And if it did, and if that Congress undertook to treat it by these means, liquidating a man’s nationality if not his personality, then we would have to say that to use such gross means, to mean such a municipal problem, is characteristic of penal legislation once again.

Now, I had hoped Your Honor to treat the question of deportability of Marks even assuming him to be an alien.

I would ask Your Honors’ permission to file a replied brief to treat that subject more fully since my time is close to expiration.

Interesting as I think that problem is.

Murray A. Gordon:

May I have the Court’s permission to file a report?

Earl Warren:

You have five days to — to — that — that will be enough for you.

Murray A. Gordon:

Fine, thank you, Your Honor.

Now, I would like to conclude by making one point clear Your Honor.

Mr. Justice Brennan has asked in effect, whether my position in this case is necessarily incompatible with the decision in Perez.

I think there are points of distinction I have argued them.

But I will say at all candid, that I am before this Court because I devoutly believe that the Chief Justice’s position in the Perez case is the only correct one compatible with this society at least.

I understand that position ultimately to mean that to its expatriates someone for non-renunciatory action, action which doesn’t renounce American allegiance, jeopardizes the basis of a democratic society.

Now, that’s a large statement.

We don’t make such statements generally these days.

But I’m firmly convinced of it because I believe that in a democracy, a part from a naturalization powers, it is the citizenry who chooses the Government and not the Government who chooses the citizenry.

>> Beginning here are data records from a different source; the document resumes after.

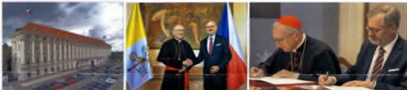
budova vlády České republiky v Praze - kardinál Pietro Parolin a předseda vlády Petr Fiala - podpis smlouvy

Hlavním obsahem smlouvy je potvrzení vzájemných vztahů a posílení ochrany svobody vyznání občanů. Smlouva rovněž zajišťuje právní ochranu duchovní služby v různých institucích, jako jsou nemocnice, věznice nebo armáda. Chrání nejen zájmy katolické církve, ale všech církví a náboženství praktikovaných na našem území. Ve smlouvě je výslovně napsáno, že "zpovědní tajemství se uznává za podmínek daných právním řádem České republiky."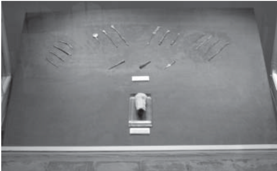
Conjunto de ajuar médico quirúrgico de época romana compuesto por 15 piezas trabajadas en bronce

- Visita guiada al museo el día 24 de febrero en la actividad “Montilla: Un patrimonio por descubrir” , organizada por la Concejalía de Patrimonio Histórico del Exmo. Ayuntamiento de Montilla.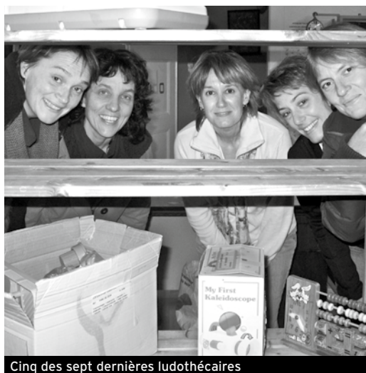
Cinq des sept dernières ludothécaires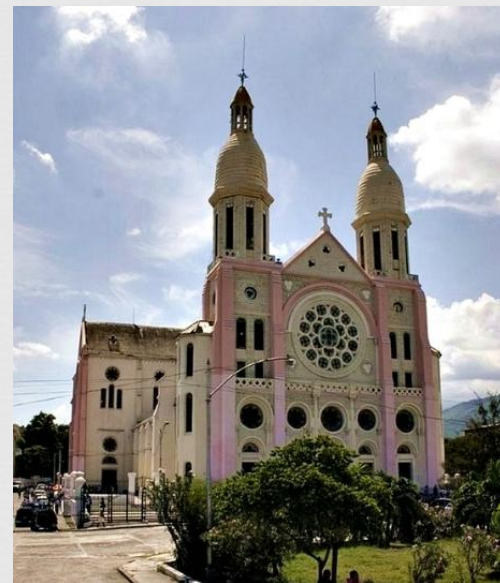
Собор Везнесіння Діви Марії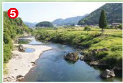
勝原橋上流の淵がラフティングの終着点。ここを釣るならラフティングの来ない午前である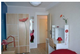
Coquelicot – 2p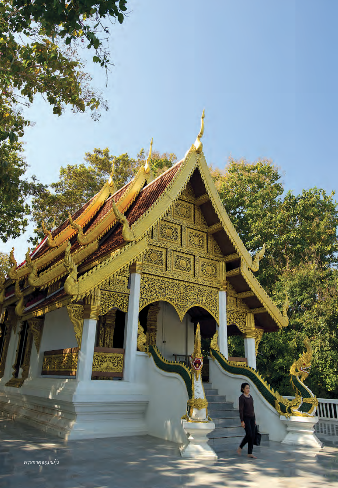
พระธาตุจอมแจ้ง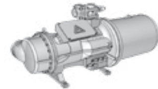
Hocheffiziente Schraubenverdichter mit stufenloser Regelung, optimiert für Kältemittel R134a.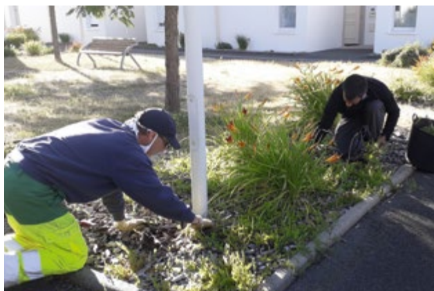
Les agents du service paysage et environnement en action pour embellir la commune.

Avec la Covid 19, le projet fleurissement 2020 n'a pas pu prendre place dans les massifs. C'est donc en 2021 que les vélos vont trouver place au milieu des fleurs et sur les trottoirs. Vous avez toujours possibilité de donner un vieux vélo, ou de vous inscrire pour entretenir un panier fleuri accroché à un vélo qui sera positionné à côté de chez vous, sur le domaine public. Cet été les bicyclettes auront trouvé place dans tous les massifs communaux et vous pourrez en suivre l'évolution grâce au « circuit vélo » qui sera proposé.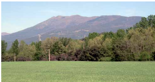
De camí a La Serra

Sortim de la Font dels Enamorats en direcció a Palautordera i abans d'arribar al carrer trobem un camí a l'esquerra entre pollancre, paral·lel al riu. El seguim fins trobar un pont a l'esquerra ( 7.600 m, 1h 20 min ), el creuem i pugem per l'altre vessant del riu. Just acabada la pujada agafem una pista a la dreta i seguidament un trencall a l'esquerra. Passem per davant del Pedrenyal Nou i continuem cap al Pedrenyal. Just abans d'entrar als terrenys de la masia girem a la dreta i continuem en direcció al poble, entre camps que ens permeten unes vistes precioses del Montseny ( 8.300 m, 1h 30 min ).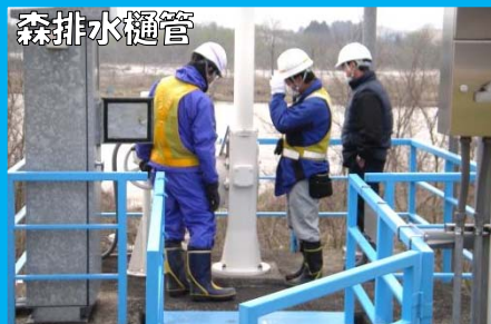
ゲートの開閉に異常がないかと、開閉後の状況も確認しました。

河川の堤防に設置されている施設です。平常時はゲートを開き住宅側の雨水などを河川へ排水していますが、大雨で河川の水位が上がったときはゲートを閉め、住宅側へ水が逆流するのを防ぎます。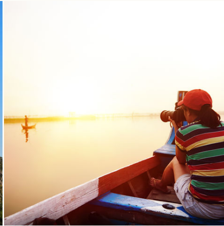
Fotografieren auf dem See, Myanmar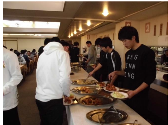
夕食バイキングの様子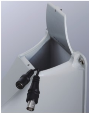
隱藏式線槽，可放置電源變壓器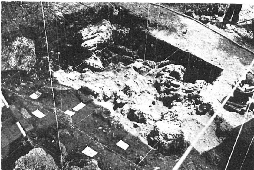
L'Arbreda. - El primer nivell de grans blocs.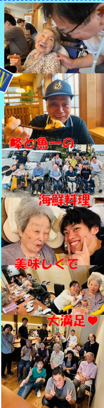
魚と海の 海鮮料理 美味しくて 大満足♡

八月二十九日(木)・三十日(金) 七月・八月生まれの誕生者合同で【誕生者外出】を行いました。日程により場所を変え、境港市の【お食事処 峰】と松江市内の【魚一】に行かせて頂きました。どちらのお店も味は最高!どちらかを選ばれても大満足な外出でした。見た目も綺麗で食欲を掻き立てられました。お食事の品数も多く、量もありましたが、完食される方がほとんどでした。暑いと食事も喉を通り難くなりますが、お話しも弾みながら楽しくお食事が出来ました。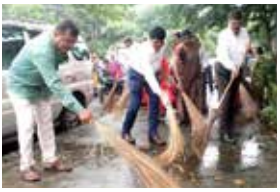
सहभाग घेतला. या अभियान अंतर्गत नवी मुंबई महापालिकेच्या माध्यमातून

शिरवणे विद्यालय आणि ज्युनिअर कॉलेज, नेरूळ सेक्टर २, नवरात्र उत्सव चौक, सेक्टर २३ जुईनगर आणि लोकनेते दि बा पाटील क्रिडा संकुल, जुईनगर विभागातील नागरिकांनी प्रतिसाद देत एक तारीख, एक दिवस स्वच्छतेसाठी या अभियानात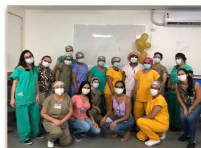
Segunda turma do curso de Manuseio Mínimo

de sono, além de reduzir seu gasto energético e o estresse.

As a matter of fact, we stand unique among the great democracies of the world in this type of legislation.

I’ve studied the Nationality Acts of all the countries cited at page 60 of my opponent’s brief.

And I say to this Court that with the exception of such countries — not such, with exception of Afghanistan, Austria, Cuba, Indonesia, Panama and Turkey, with the exception of those countries, there is not another country in the world which denationalizes under the circumstances which are present here.

In many, when there is foreign military service, the Government notifies the individual that if he persists in the foreign military service, he would be deprived of his citizenship and he has given a choice whether he’s to keep his citizenship or continue in that service.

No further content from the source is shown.